A Di Stéfano lo vi yo cuando
apenas me habían vestido con pantalones largos y gracias a
que había sacado muy buenas notas en el colegio dirigido por
los jesuitas de mi pueblo. El viaje lo hice de paquete en
una Lanch: motocicleta que se había ganado fama de aguantar
lo que le echaran. Mi padre y yo íbamos con el pecho forrado
de páginas del Diario de Cádiz y la niebla nos llegaba hasta
los talones.
Nos presentamos en el viejo Nervión con la comida en la boca
que nos habían servido en El Ocho: un restaurante muy
económico de Sevilla. En el cual comenzamos a vivir el
ambiente generado por Di Stéfano desde que en la temporada
53-54 empezó a jugar en el Real Madrid.
Los primeros años de esta década seguían siendo muy duros,
pero el juego de la estrella argentina había obrado el
milagro de que los aficionados al fútbol imitaran a los del
toro: que vendían el colchón para asistir a la plaza.
Yo salí de Nervión tratando de pegarle patadas a todos los
objetos que se me ponían por delante y con las ideas muy
claras: nunca más volvería a caer en la tentación de fumar
cigarrillos de matalaúva con los compañeros de clase. Era lo
menos que podía exigirme si quería correr igual que lo había
hecho el nueve del Madrid.
Un nueve que dejaba sin recursos al encargado de marcarle y
que rompía en mil pedazos el orden que hubiesen previsto los
rivales. Aparecía por todas las zonas del campo y en todas
trabajaba acorde con las necesidades de cada una.

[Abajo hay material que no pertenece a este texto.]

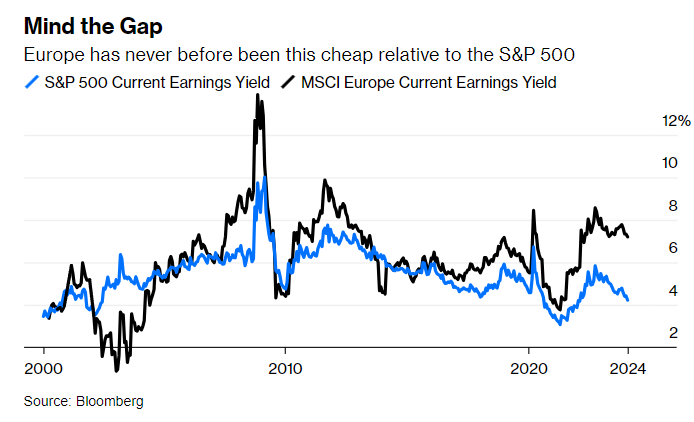 Considere o seguinte: os EUA estão atualmente com a maior diferença entre o rendimento atual de lucros do S&P 500 e o Índice MSCI Europe já registrada. Em termos simples, a Europa nunca esteve tão barata em relação aos EUA. O rendimento de lucros que os investidores obtêm dos ativos europeus parece muito mais atraente do que o benchmark americano.

La gente
decía que tenía ojos en la nuca, porque su situación le
permitía saber siempre dónde estaban sus compañeros y de qué
manera explotar las debilidades de los rivales.
Durante años estuve presumiendo de haber visto a Di Stéfano
en Nervión y sufriendo porque a partir de entonces hube de
conformarme con sus apariciones en el No-Do. Pero a partir
de 1959, viviendo ya en Madrid, pude seguir viendo a mi
ídolo: unas veces en televisión y muchas más en el Santiago
Bernabéu.
Di Stéfano amargó la existencia a los centrales y su
presencia obligó a que los entrenadores tomasen medidas para
evitar que don Alfredo deambulara por el césped como Pedro
por su casa. Iturraspe, entrenador del Valencia, fue el
primer técnico que se dio cuenta de cómo había que frenar a
tan extraordinaria máquina. Y sacó a Magriñán, jugador
correoso y bajito, con la misión de perseguir al nueve por
todo el terreno de juego. Magriñán se consagró ese día...
También Di Stéfano, por su modo de entender la vida después
de los partidos, hizo posible que Pepe Villalonga,
entrenador, tuviera que devanarse los sesos para ver la
mejor manera de que la Saeta Rubia eliminara toxinas cuanto
antes. Y se sacó de la manga el entrenamiento de los lunes.
Acertando plenamente con su decisión.
Ayer escribía Umbral de la España de Di Stéfano, y de cómo
los hombres se olvidaron de las mujeres, de otros deportes,
de los amigos, porque ya no había amigos sino fanáticos a
favor o en contra de un extranjero que corría mucho. Lo
escrito por Umbral puede parecer una exageración, pero el
futbolista argentino cambió la vida de muchos hogares
españoles y, sobre todo, madrileños. La gente se hacía
cruces porque alguien dijera que había pagado veinte duros
por una entrada para ver al mejor jugador del mundo.
Y es que Di Stéfano, con todos mis respetos para quienes no
lo crean así, ha sido el mejor jugador de todos los tiempos.
El problema es que la televisión fue vista cuando don
Alfredo estaba ya acabando su carrera. Lo cual le ha hecho
estar en desventaja con Pelé, Maradona, Cruyff, etc. Uno,
que los ha visto a todos, sigue convencido de que cómo la
Saeta Rubia no ha nacido aún nadie. Alegría, pues, por su
recuperación.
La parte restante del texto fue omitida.